__SUPPLIED INFORMATION__:
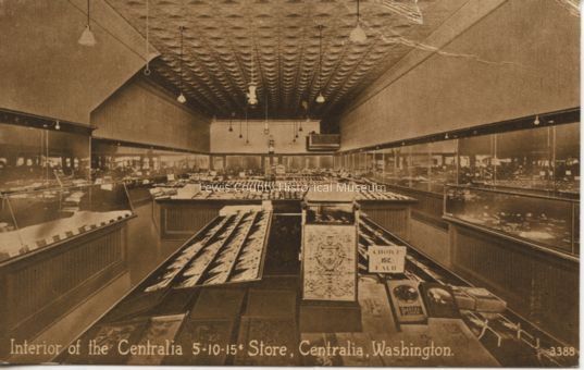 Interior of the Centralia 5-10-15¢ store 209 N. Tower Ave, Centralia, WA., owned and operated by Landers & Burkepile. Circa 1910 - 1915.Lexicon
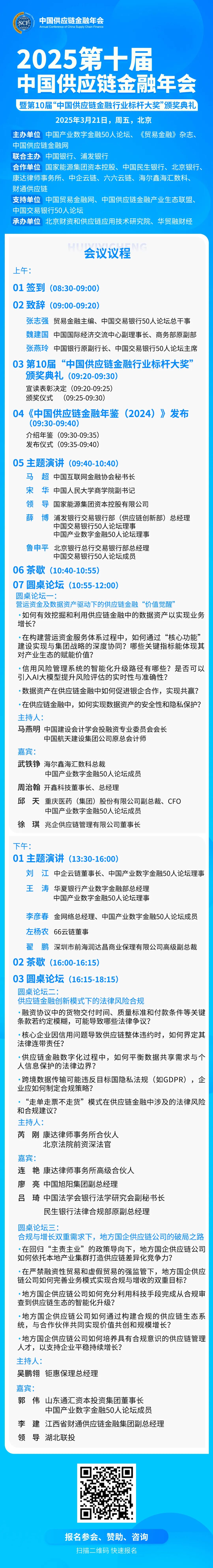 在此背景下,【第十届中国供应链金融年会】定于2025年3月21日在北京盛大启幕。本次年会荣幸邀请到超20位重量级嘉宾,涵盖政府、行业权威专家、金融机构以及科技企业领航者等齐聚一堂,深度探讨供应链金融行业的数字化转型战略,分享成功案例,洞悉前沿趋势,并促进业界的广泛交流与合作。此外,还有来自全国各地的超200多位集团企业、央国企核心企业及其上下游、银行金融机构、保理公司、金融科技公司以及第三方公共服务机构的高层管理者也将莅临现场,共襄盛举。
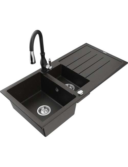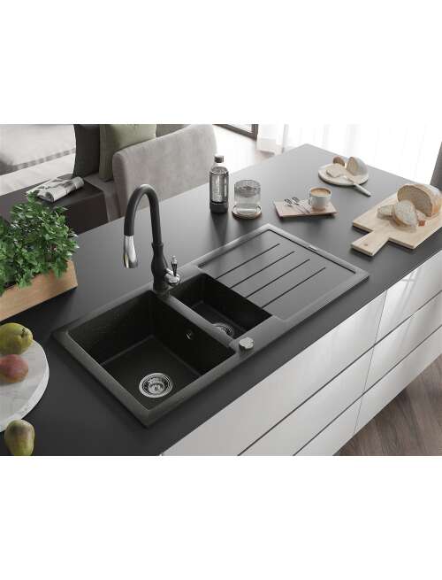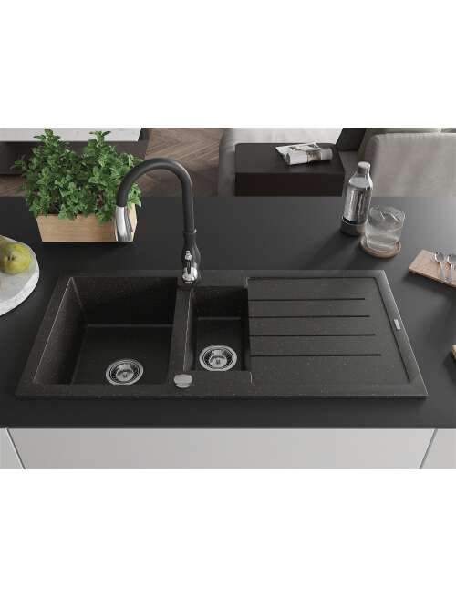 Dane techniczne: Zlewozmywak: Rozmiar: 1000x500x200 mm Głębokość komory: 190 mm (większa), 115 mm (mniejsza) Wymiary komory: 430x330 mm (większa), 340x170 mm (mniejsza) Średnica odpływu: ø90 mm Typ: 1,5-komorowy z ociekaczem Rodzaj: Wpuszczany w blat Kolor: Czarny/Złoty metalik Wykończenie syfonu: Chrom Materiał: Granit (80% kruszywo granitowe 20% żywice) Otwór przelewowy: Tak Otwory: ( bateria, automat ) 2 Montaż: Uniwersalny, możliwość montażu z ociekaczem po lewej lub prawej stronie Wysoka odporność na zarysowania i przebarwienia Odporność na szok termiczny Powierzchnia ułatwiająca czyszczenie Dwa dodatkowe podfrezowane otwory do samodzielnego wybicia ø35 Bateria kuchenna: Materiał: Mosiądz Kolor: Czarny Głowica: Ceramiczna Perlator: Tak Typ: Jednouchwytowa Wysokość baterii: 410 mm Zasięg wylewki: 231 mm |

__INSTRUCTIONS TO FOLLOW__:
Go through the listing above and write it out again exactly, dropping the pictures.

__EXERCISE OUTPUT__:
 Interior of the Centralia 5-10-15¢ store 209 N. Tower Ave, Centralia, WA., owned and operated by Landers & Burkepile. Circa 1910 - 1915.Lexicon
 在此背景下,【第十届中国供应链金融年会】定于2025年3月21日在北京盛大启幕。本次年会荣幸邀请到超20位重量级嘉宾,涵盖政府、行业权威专家、金融机构以及科技企业领航者等齐聚一堂,深度探讨供应链金融行业的数字化转型战略,分享成功案例,洞悉前沿趋势,并促进业界的广泛交流与合作。此外,还有来自全国各地的超200多位集团企业、央国企核心企业及其上下游、银行金融机构、保理公司、金融科技公司以及第三方公共服务机构的高层管理者也将莅临现场,共襄盛举。
 Dane techniczne: Zlewozmywak: Rozmiar: 1000x500x200 mm Głębokość komory: 190 mm (większa), 115 mm (mniejsza) Wymiary komory: 430x330 mm (większa), 340x170 mm (mniejsza) Średnica odpływu: ø90 mm Typ: 1,5-komorowy z ociekaczem Rodzaj: Wpuszczany w blat Kolor: Czarny/Złoty metalik Wykończenie syfonu: Chrom Materiał: Granit (80% kruszywo granitowe 20% żywice) Otwór przelewowy: Tak Otwory: ( bateria, automat ) 2 Montaż: Uniwersalny, możliwość montażu z ociekaczem po lewej lub prawej stronie Wysoka odporność na zarysowania i przebarwienia Odporność na szok termiczny Powierzchnia ułatwiająca czyszczenie Dwa dodatkowe podfrezowane otwory do samodzielnego wybicia ø35 Bateria kuchenna: Materiał: Mosiądz Kolor: Czarny Głowica: Ceramiczna Perlator: Tak Typ: Jednouchwytowa Wysokość baterii: 410 mm Zasięg wylewki: 231 mm |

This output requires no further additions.